> EXERCISE GOAL: Range to repeat from the listing below: the line containing "kzn-protiv@yandex.ru - официальный" down to the line containing "Мидии Fish&More в", both included. Copy it exactly, pictures excluded, and add nothing else.

┌─ RECORDS SHOWN

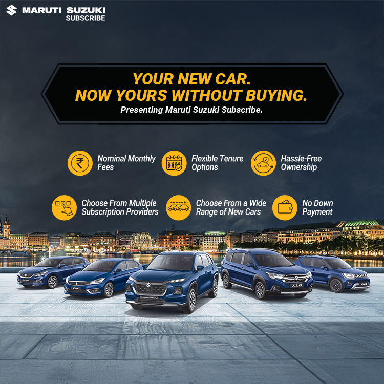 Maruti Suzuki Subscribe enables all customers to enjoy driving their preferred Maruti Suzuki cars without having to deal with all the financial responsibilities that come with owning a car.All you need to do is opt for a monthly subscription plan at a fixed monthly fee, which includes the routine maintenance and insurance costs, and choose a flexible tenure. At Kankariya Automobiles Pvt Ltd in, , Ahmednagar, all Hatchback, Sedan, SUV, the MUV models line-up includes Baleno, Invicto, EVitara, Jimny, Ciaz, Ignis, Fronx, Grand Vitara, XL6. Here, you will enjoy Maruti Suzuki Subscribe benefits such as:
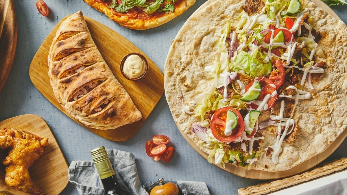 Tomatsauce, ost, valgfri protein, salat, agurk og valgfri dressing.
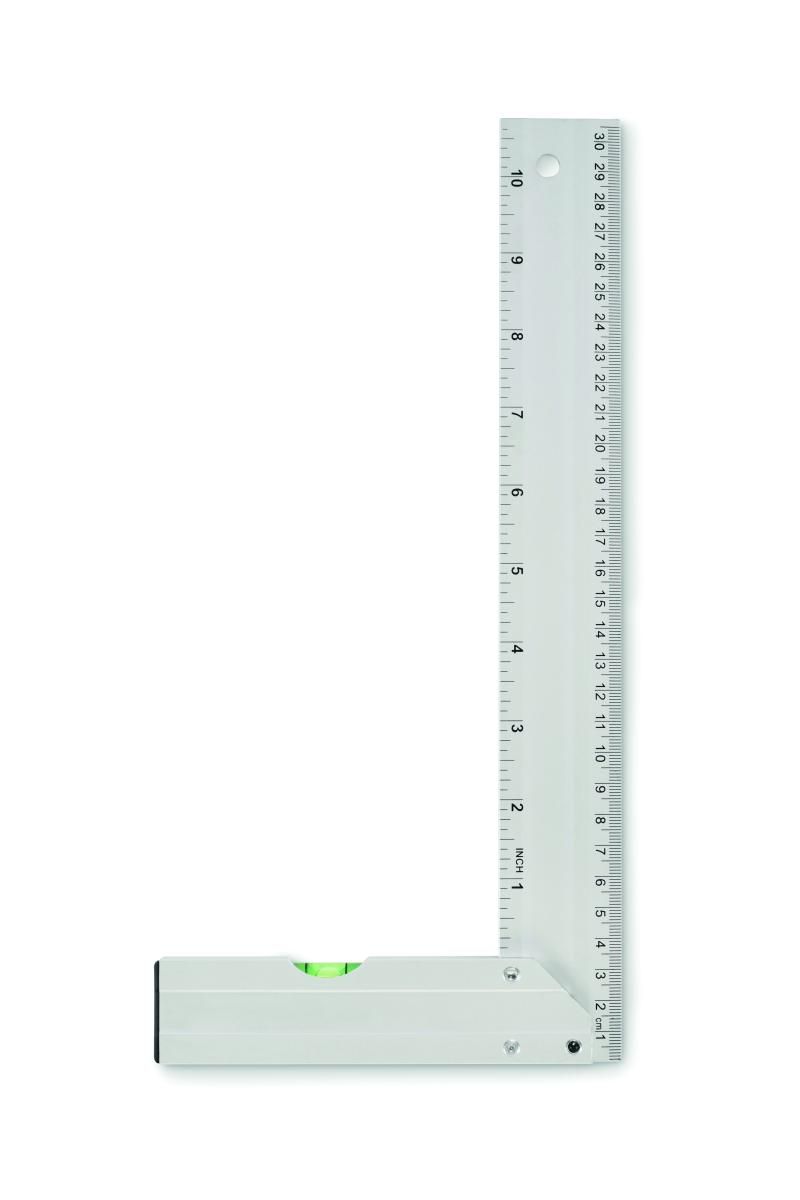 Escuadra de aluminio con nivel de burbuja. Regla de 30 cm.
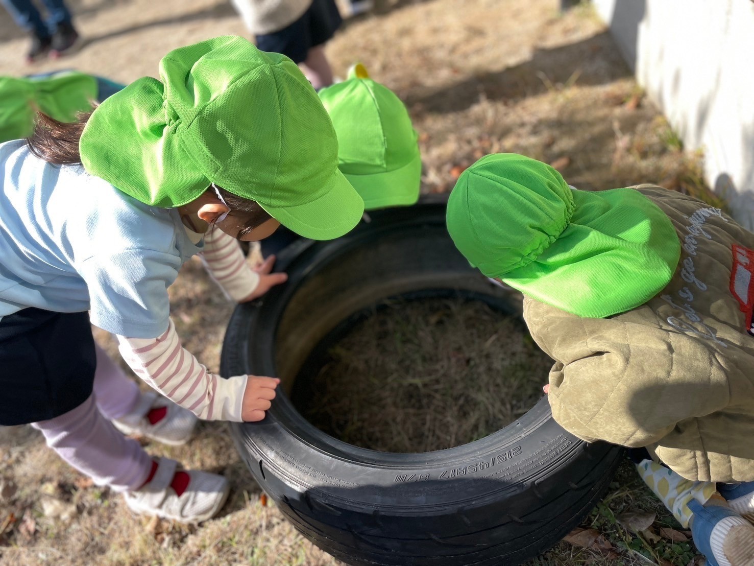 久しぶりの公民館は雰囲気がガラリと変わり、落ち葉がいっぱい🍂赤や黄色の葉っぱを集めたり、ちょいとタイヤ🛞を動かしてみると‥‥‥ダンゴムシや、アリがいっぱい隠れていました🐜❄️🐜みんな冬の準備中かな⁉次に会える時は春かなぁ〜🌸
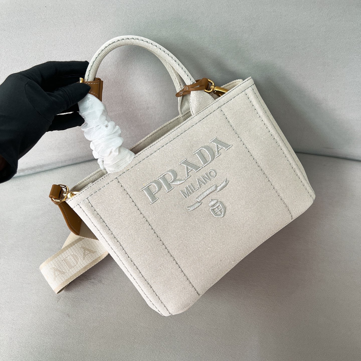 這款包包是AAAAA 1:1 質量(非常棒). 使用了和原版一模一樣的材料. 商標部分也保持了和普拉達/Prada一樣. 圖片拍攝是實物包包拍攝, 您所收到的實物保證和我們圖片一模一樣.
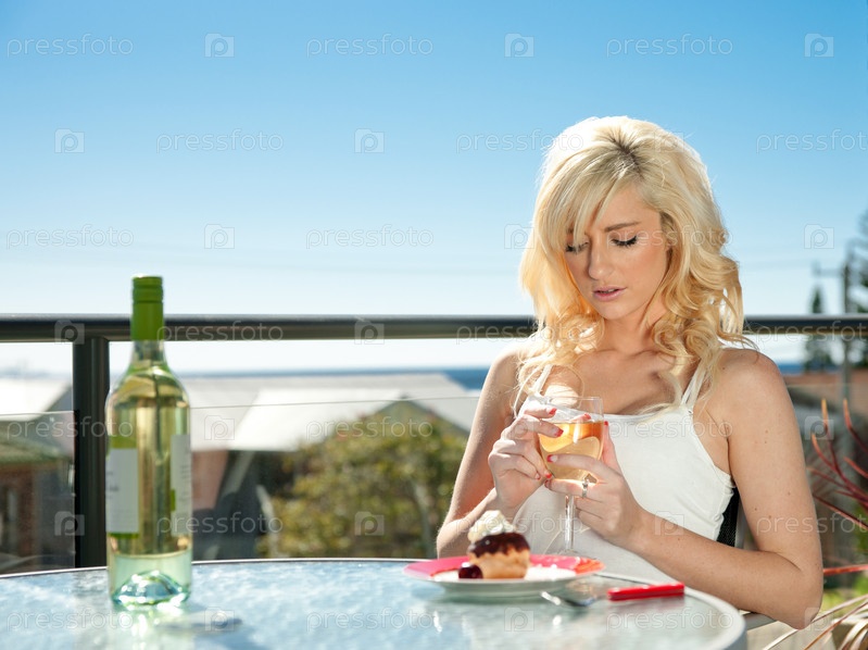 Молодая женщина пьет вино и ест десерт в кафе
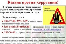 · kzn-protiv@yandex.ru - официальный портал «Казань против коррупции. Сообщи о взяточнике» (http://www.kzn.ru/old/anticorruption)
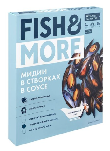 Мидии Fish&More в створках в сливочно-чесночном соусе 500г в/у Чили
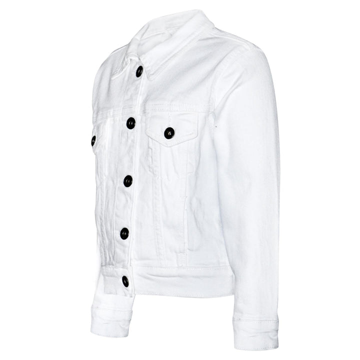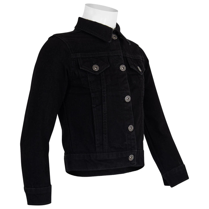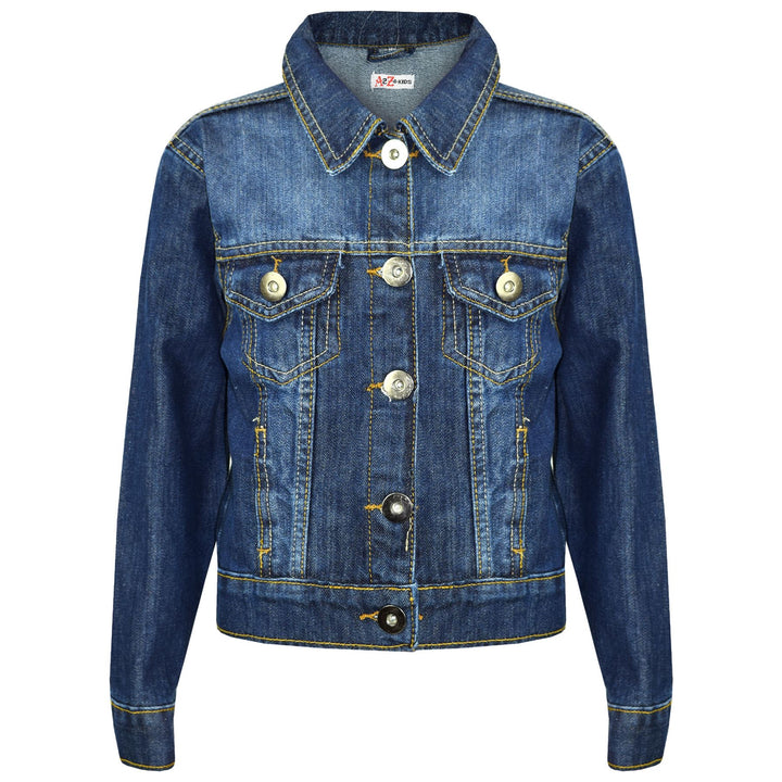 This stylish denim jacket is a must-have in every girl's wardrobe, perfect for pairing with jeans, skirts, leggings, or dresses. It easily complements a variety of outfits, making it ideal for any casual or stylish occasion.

└─

> EXPECTED ANSWER:
 · kzn-protiv@yandex.ru - официальный портал «Казань против коррупции. Сообщи о взяточнике» (http://www.kzn.ru/old/anticorruption)
 Мидии Fish&More в створках в сливочно-чесночном соусе 500г в/у Чили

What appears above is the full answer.